Start of Block

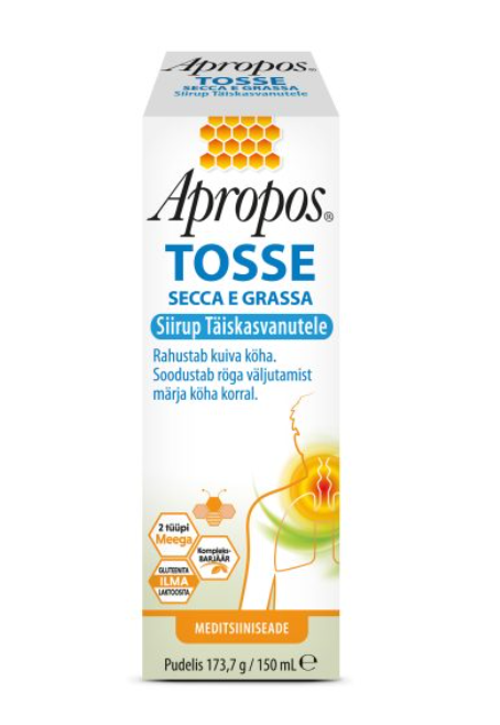 Sobib nii kuiva ja püsiva kui ka märja köha korral, rahustab köha, leevendab ärritust ja soodustab bronhide sekretsioonide voolavust, hõlbustades röga väljutamist. Lisaks on tänu preparaadis sisalduvale meele ja eeterlikele õlidele Apropos Tosse köhasiirupil meeldiv maitse, mis pakub mõnusat kergendustunnet. Sobib täiskasvanutele ja üle 12-aastastele lastele.
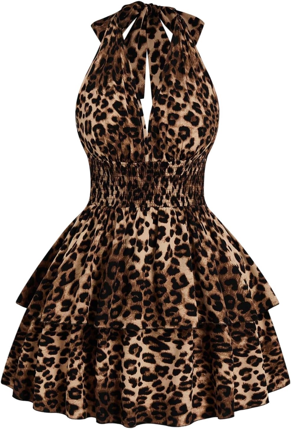 Floerns Women's Plus Size Cheetah Halter Short Dress Sleeveless Shirred Layered Ruffle Hem Y2k Going Out Mini Dresses
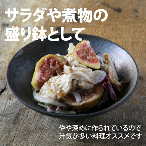 こちらは「平鉢 黒S」を使用したイメージ画像です 煮物やサラダなど汁気のあるおかずにぴったりの平鉢です。
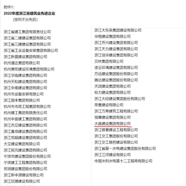 日前,浙江省建筑业行业协会公布了2022年度浙江省建筑业先进企业、优秀企业家和优秀建造师项目经理的评选结果。集团荣膺2022年度浙江省建筑业先进企业。
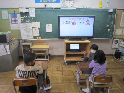 今日は、6年生と特別支援学級で水泳・水遊びの心得を学ぶ授業が行われました。1つの内容を学ぶとアプリを使って確認クイズをします。クイズでは「ブッブー」と不正解時の音が多く聞こえてきました。「えっ!」と驚くとともに正解を確認して、納得していました。判断材料がたくさんあることを改めて学んだようです。

End of Block

= TRY IT =
The required output is every line of the data above, set down exactly and stripped of pictures.

= SOLUTION TO THIS PROBLEM =
 Sobib nii kuiva ja püsiva kui ka märja köha korral, rahustab köha, leevendab ärritust ja soodustab bronhide sekretsioonide voolavust, hõlbustades röga väljutamist. Lisaks on tänu preparaadis sisalduvale meele ja eeterlikele õlidele Apropos Tosse köhasiirupil meeldiv maitse, mis pakub mõnusat kergendustunnet. Sobib täiskasvanutele ja üle 12-aastastele lastele.
 Floerns Women's Plus Size Cheetah Halter Short Dress Sleeveless Shirred Layered Ruffle Hem Y2k Going Out Mini Dresses
 こちらは「平鉢 黒S」を使用したイメージ画像です 煮物やサラダなど汁気のあるおかずにぴったりの平鉢です。
 日前,浙江省建筑业行业协会公布了2022年度浙江省建筑业先进企业、优秀企业家和优秀建造师项目经理的评选结果。集团荣膺2022年度浙江省建筑业先进企业。
 今日は、6年生と特別支援学級で水泳・水遊びの心得を学ぶ授業が行われました。1つの内容を学ぶとアプリを使って確認クイズをします。クイズでは「ブッブー」と不正解時の音が多く聞こえてきました。「えっ!」と驚くとともに正解を確認して、納得していました。判断材料がたくさんあることを改めて学んだようです。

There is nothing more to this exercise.